Taraflar arasındaki itirazın iptali davasının mahkemece yapılan yargılaması sonucunda, davanın kabulüne yönelik olarak verilen hükmün, süresi içinde taraf vekillerince temyiz edilmesi üzerine; temyiz dilekçesinin kabulüne karar verildikten sonra, dosya içerisindeki kağıtlar okunup gereği düşünüldü:
Y A R G I T A Y K A R A R I
Dosyadaki yazılara, kararın dayandığı delillerle kanuni gerektirici sebeplere ve özellikle delillerin takdirinde bir isabetsizlik görülmemesine göre, davalı vekilinin tüm, davacı vekilinin sair temyiz itirazları yerinde değildir. İİK. 67/2.maddesi uyarınca icra inkar tazminatına hükmedilmesi için borçlunun takip sırasında ödeme emrine itiraz etmesi ve alacaklının dava ederek haklı çıkması zorunludur. Borçlunun kötüniyetle itiraz etmiş olması yasal koşul değildir. İcra inkar tazminatı, işin çabuk bitirilmesine engel olan borçluya karşı konulmuş bir yaptırımdır. Bunlardan ayrı alacağın likit ve belli olması gerekir.

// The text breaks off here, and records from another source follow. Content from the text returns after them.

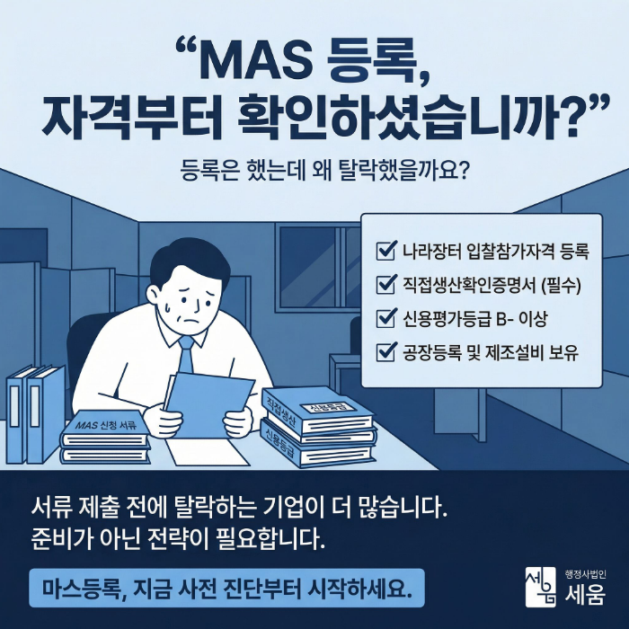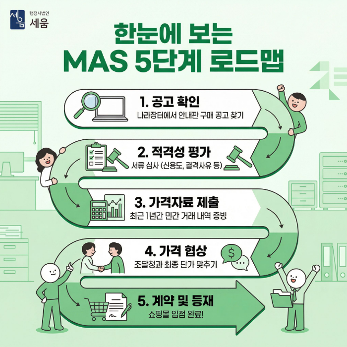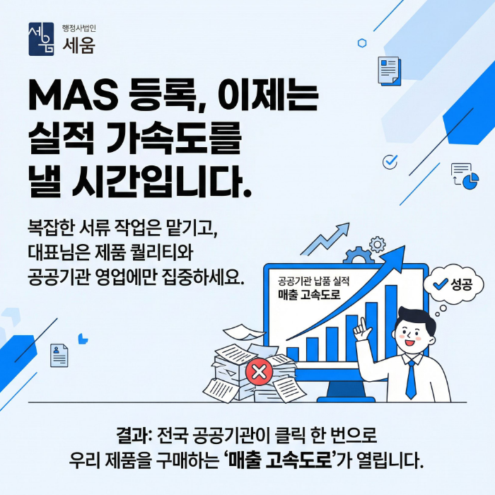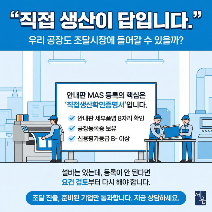 안내판 MAS 등록은 복잡하지만, 공공기관 판로 개척을 위해 반드시 넘어야 할 산입니다. 지금 바로 우리 회사의 자격 요건을 점검해 보세요.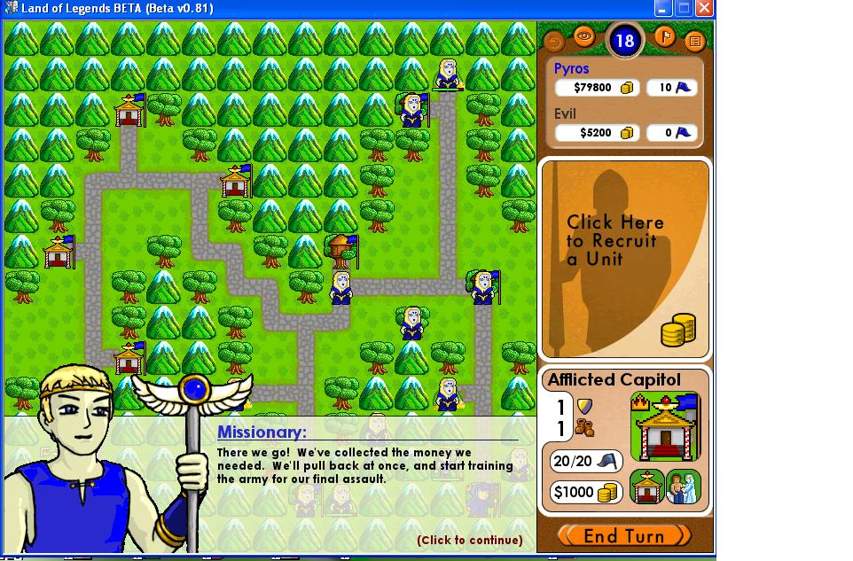 By the end of turn 15, I had $41600, 8 cities, 4 gold mines (w/ hags on each) and the AI was down to 3 units, 2 of them heavily wounded.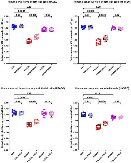 Sodium selenite (NaSe, 7 µg/mL) rescues endothelial cells (ECs) from palmitic acid (PA)-induced death. Microplate colorimetric analysis of proliferation and viability (WST-8 assay) of primary human aortic valve endothelial cells (HAVEC), human saphenous vein endothelial cells (HSaVEC), human internal thoracic artery endothelial cells (HITAEC), and human microvascular endothelial cells (HMVEC) incubated with control fatty acid-free bovine serum albumin (BSA), conjugates of palmitic acid (PA) with a fatty acid-free BSA (PA-BSA, 0.8 mmol/L), or conjugates of oleic acid (OA) with a fatty acid-free BSA (OA-BSA, 0.8 mmol/L) for 24 h. Each dot on the plots represents an arithmetic mean of eight replicates (i.e., 8 wells of a 96-well plate). Box-and-whisker plot. Whiskers indicate the range, box bounds indicate the 25th–75th percentiles, and center lines indicate the median. p-Values are provided above boxes. The Mann–Whitney U-test was used to analyze the pairwise comparisons with and without sodium selenite treatment, and the Kruskal–Wallis test with subsequent Dunn’s multiple comparisons test were used for analyzing the comparisons of BSA with PA-BSA and OA-BSA.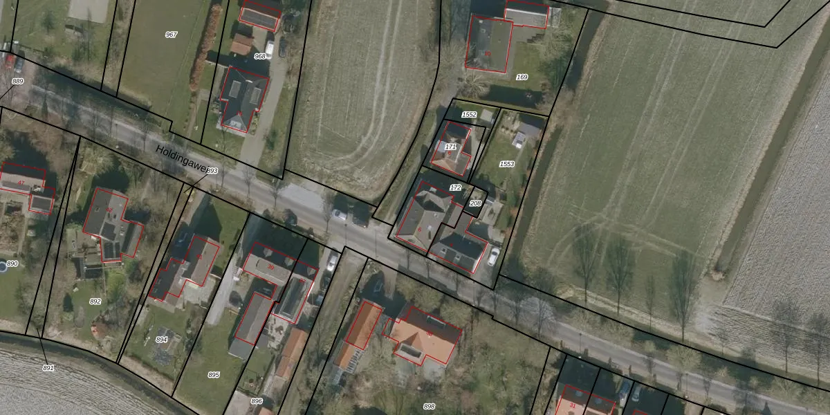 Holdingawei 6 is gelegen op kadastraal perceel HUM00F172. Deze kadastrale aanduiding is uniek en wordt gebruikt door het Kadaster om eigendomsrechten en andere zakelijke rechten vast te leggen. Het perceel maakt onderdeel uit van de kadastrale gemeente Hijum.

Borçlu, yalnız başına ne kadar borçlu olduğunu tespit edebilir durumda ise alacağın likit ve belli olduğunun kabulü gerekir. Öte yandan, alacağın muhakkak bir belgeye bağlı olması da şart değildir. Alacaklı lehine icra inkar tazminatına hükmedilmesi için, mahkemenin borçlunun ödeme emrine karşı yapmış olduğu itirazın haksız olduğuna karar vermesi gerekir. Borçlunun itirazının haksızlığına karar verilmesi ile takip tarihine göre itiraz olunan alacağın likid (muayyen)-belirli olup olmadığına bakmak gerekir. Likit alacaklarda alacak miktarı belirlidir. Borçlu tarafından alacağın gerçek miktarını belirlemek için bütün unsurlar bilinmekte veya bilinebilecek durumdadır. İİK 67/2.madde hükmünün amacı, borçlu olduğu miktarı bilen veya bilebilecek durumda olan borçlunun icra takibine konu alacağın varlığına haksız olarak itiraz etmesini önlemektir. (Prof.Dr.B.Kuru İ.İ.Huk.2008.İst.sh.230-231). Somut olayda; likit ve belirli olan asıl alacak miktarının 18.000,00 TL olduğu, asıl alacak miktarının % 20" si oranında davacı lehine icra inkar tazminatına hükmedilmesi gerektiği anlaşılmaktadır. Mahkemece asıl alacak miktarı üzerinden davacı lehine % 20 oranında icra inkar tazminatına hükmedilmemesi isabetli bulunmamıştır. Ancak, bu yanılgının giderilmesi yeniden yargılama yapılmasını gerektirmediğinden, hükmün 2. fıkrasında yer alan "Alacağın likit olmaması ve yargılamayı gerektirmesi nedeniyle icra inkar tazminatı taktirine yer olmadığına" ifadesinin çıkartılarak yerine "Asıl alacak miktarı olan 18.000,00 TL"nin % 20"si oranında icra inkar tazminatının davalıdan alınarak Davacıya verilmesine" ifadesinin yazılması sureti ile hükmün düzeltilmesine ve düzeltilmiş bu şekliyle ONANMASINA ve peşin alınan onama harcının istek halinde temyiz edenlere iadesine, 02.03.2015 tarihinde oybirliği ile karar verildi.